Table 2 Performance metrics of the model and retinal specialists on the primary clinical validation set.
Fig. 2: Receiver operating characteristic curve of the model compared to retinal specialists.
figure 2

The retinal specialists’ grades for predicting ci-DME on the primary clinical validation set are shown as red dots. All methods (i.e., the model and retinal specialists) rendered their grades using monoscopic fundus images only. The ground truth for ci-DME was derived using OCT (center point thickness ≥ 250 μm).

In addition to predicting ci-DME, our model was able to predict presence of intraretinal and subretinal fluid. Our model had an area under the curve (AUC) of 0.81 (95% confidence interval (CI): 0.81–0.86) for detecting intraretinal fluid presence and an AUC of 0.88 (95% CI: 0.85–0.91) for subretinal fluid presence (Fig. 3).

Fig. 3: Effect of data size on prediction performance on the primary clinical validation set.
figure 3

A subsampled fraction of 1.0 indicates the entire training dataset. Model performance continues to increase with increased data, suggesting that the accuracy of predicting ci-DME, subretinal fluid, and intraretinal fluid presence will likely improve if the model is trained with more data. Error bars are 95% confidence interval using n = 2000 samples with replacement.

Model generalizes to a secondary validation set

In addition to the primary clinical validation dataset, the model was also applied to a secondary validation dataset, EyePACS-DME, to examine the model’s generalizability. This dataset consists of 990 images with moderate, severe non-proliferative DR or proliferative DR, a subset of data previously gathered during another DME study27. The images were gathered using a Canon CR-DGi camera and OCTs were taken with a Optovue iVue machine from a US-based population (see Methods). There are some notable differences in this dataset in comparison with the primary validation dataset, particularly in terms of defining and measuring ci-DME based on central subfield thickness and incorporation of inclusion/exclusion criteria (Supplementary Table 2). Based on this different definition and inclusion criteria, the number of ci-DME cases in the secondary validation set was 7.8% compared with 27.2% in the primary clinical validation set. Thus, the model performance on the datasets cannot be compared directly in terms of absolute values (especially for metrics such as positive predictive value (PPV), which depend a lot on the priori distribution). However, relative comparisons between the model and graders (in this instance EyePACS certified graders) can be drawn (Fig. 4 and Table 3). Similar to the results of the primary validation, our model had a PPV roughly twice that of manual grading using hard exudates as proxy (35% [95% CI: 27–44%] vs. 18% [95% CI: 13–23%]) and similar negative predictive value (NPV) (96% [95% CI: 95–98%] vs. 95% [95% CI: 94–97%]). This translated to a similar sensitivity (57% [95% CI: 47–69%] vs. 55% [43–66%]) but higher specificity (91% [95% CI: 89–93%] vs. 79% [95% CI: 76–82%]).

Fig. 4: Receiver operating characteristic curve of the model compared with eyepacs graders.
figure 4

The graders’ grades for predicting ci-DME on the secondary clinical validation set are shown as a red dots. All methods (i.e., the model and eyepacs graders) rendered their grades using monoscopic fundus images only. The ground truth for ci-DME was derived using OCT (central subfield thickness ≥ 300 μm).

Table 3 Performance metrics of the model and eyepacs graders on the secondary clinical validation set.

More data leads to better model performance

Sub sampling experiments, where new models were trained using titrated fractions of the dataset, showed that model performance continued to increase with larger training sets (see Fig. 3—where AUC increases with sample size). These results suggest that the accuracy of this prediction will likely continue to increase with dataset sizes larger than that in this study.

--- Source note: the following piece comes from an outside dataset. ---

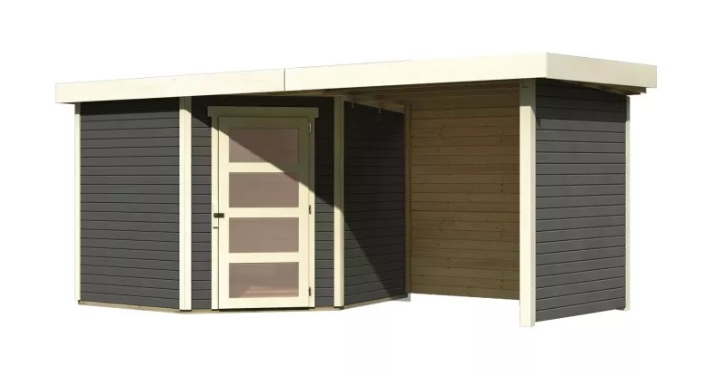Drevený domček KARIBU SCHWANDORF 5 + prístavok 240 cm vrátane zadnej a bočnej steny (77749) terragrau LG3911

Features around the fovea are most relevant

Figure 5 presents an analysis of the areas in the fundus image relevant for the model. When the model was trained on cropped fundus images containing only 0.25 optic disc diameter around the fovea (blue line), it achieved an AUC of 0.75. When it had access to 1.0 optic disc diameter around the fovea, the model achieved an AUC > 0.85, comparable with its performance on the full fundus image. However, the model trained on the region around the optic disc needed to see a lot more context (2.5 optic disc diameter) around the optic disc center to achieve an AUC exceeding 0.8. Based on these results, we believe the model primarily utilizes the area around the fovea to make ci-DME predictions.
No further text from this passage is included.